MATERIAL PROVIDED Start Marker

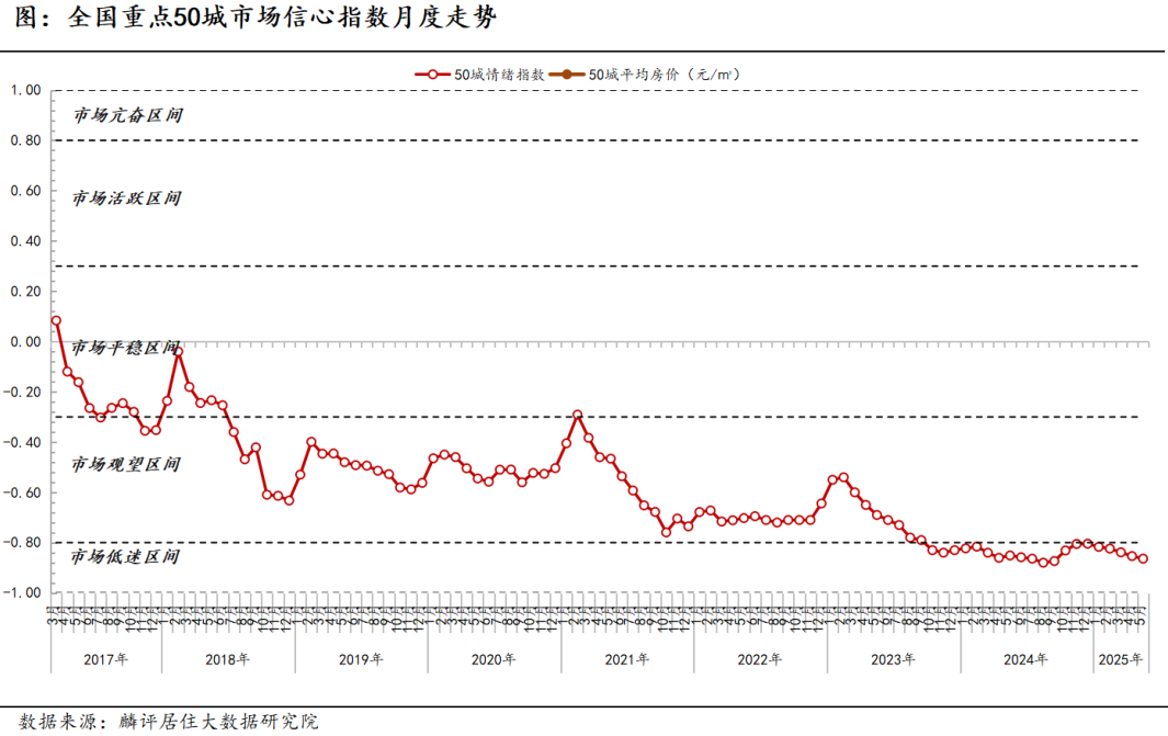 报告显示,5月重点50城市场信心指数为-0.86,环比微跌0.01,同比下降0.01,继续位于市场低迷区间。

MATERIAL PROVIDED End Marker
MATERIAL PROVIDED Start Marker

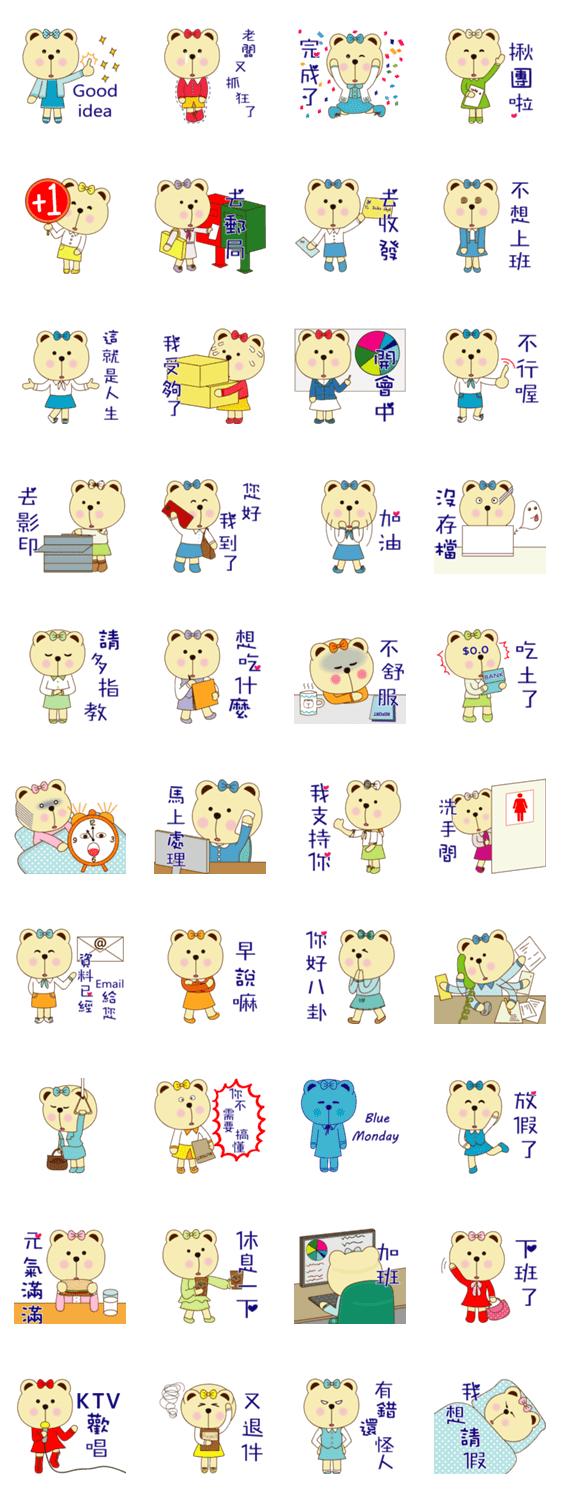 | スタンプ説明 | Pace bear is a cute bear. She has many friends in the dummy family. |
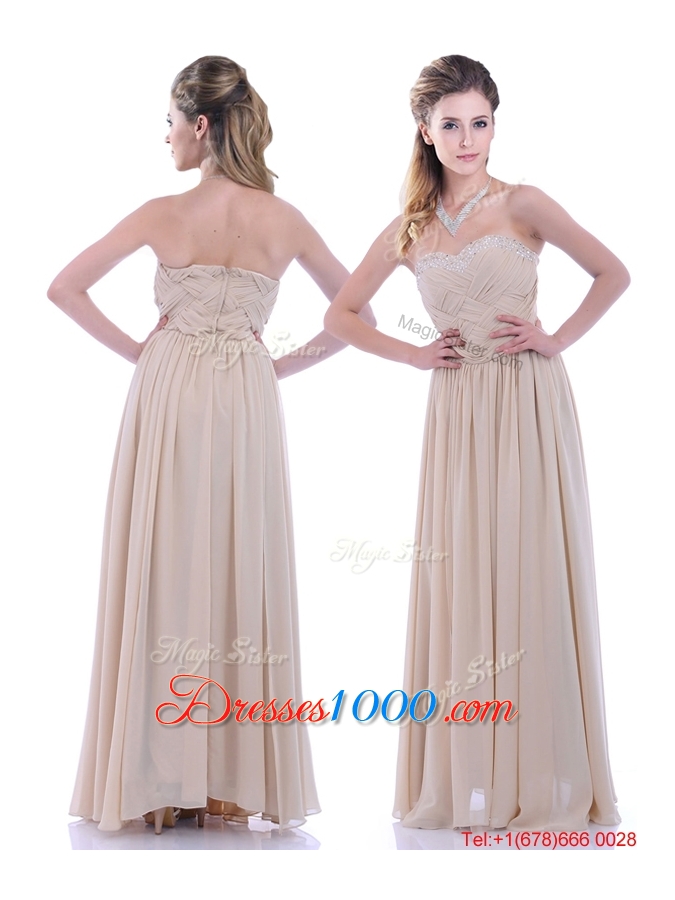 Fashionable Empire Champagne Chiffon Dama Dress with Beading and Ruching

MATERIAL PROVIDED End Marker
MATERIAL PROVIDED Start Marker

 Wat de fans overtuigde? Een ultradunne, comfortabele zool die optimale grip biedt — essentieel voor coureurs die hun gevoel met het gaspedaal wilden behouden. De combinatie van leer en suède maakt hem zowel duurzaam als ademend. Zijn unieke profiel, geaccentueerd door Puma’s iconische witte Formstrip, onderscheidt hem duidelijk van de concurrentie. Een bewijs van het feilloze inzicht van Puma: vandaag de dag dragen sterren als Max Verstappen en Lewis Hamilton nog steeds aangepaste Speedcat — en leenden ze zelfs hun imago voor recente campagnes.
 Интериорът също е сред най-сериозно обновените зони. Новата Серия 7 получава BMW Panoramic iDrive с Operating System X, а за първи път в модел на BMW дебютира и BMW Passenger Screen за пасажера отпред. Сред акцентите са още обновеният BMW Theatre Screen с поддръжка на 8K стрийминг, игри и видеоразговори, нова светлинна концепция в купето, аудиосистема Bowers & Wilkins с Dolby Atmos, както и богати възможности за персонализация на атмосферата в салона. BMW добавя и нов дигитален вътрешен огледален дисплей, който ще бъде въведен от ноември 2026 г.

MATERIAL PROVIDED End Marker

◆ **YOUR INSTRUCTIONS**
Give back, word for word, only the lines above from the line holding "Wat de fans" to the line holding "Интериорът също е", both included.

◆ **RESPONSE TO THE EXERCISE**
 Wat de fans overtuigde? Een ultradunne, comfortabele zool die optimale grip biedt — essentieel voor coureurs die hun gevoel met het gaspedaal wilden behouden. De combinatie van leer en suède maakt hem zowel duurzaam als ademend. Zijn unieke profiel, geaccentueerd door Puma’s iconische witte Formstrip, onderscheidt hem duidelijk van de concurrentie. Een bewijs van het feilloze inzicht van Puma: vandaag de dag dragen sterren als Max Verstappen en Lewis Hamilton nog steeds aangepaste Speedcat — en leenden ze zelfs hun imago voor recente campagnes.
 Интериорът също е сред най-сериозно обновените зони. Новата Серия 7 получава BMW Panoramic iDrive с Operating System X, а за първи път в модел на BMW дебютира и BMW Passenger Screen за пасажера отпред. Сред акцентите са още обновеният BMW Theatre Screen с поддръжка на 8K стрийминг, игри и видеоразговори, нова светлинна концепция в купето, аудиосистема Bowers & Wilkins с Dolby Atmos, както и богати възможности за персонализация на атмосферата в салона. BMW добавя и нов дигитален вътрешен огледален дисплей, който ще бъде въведен от ноември 2026 г.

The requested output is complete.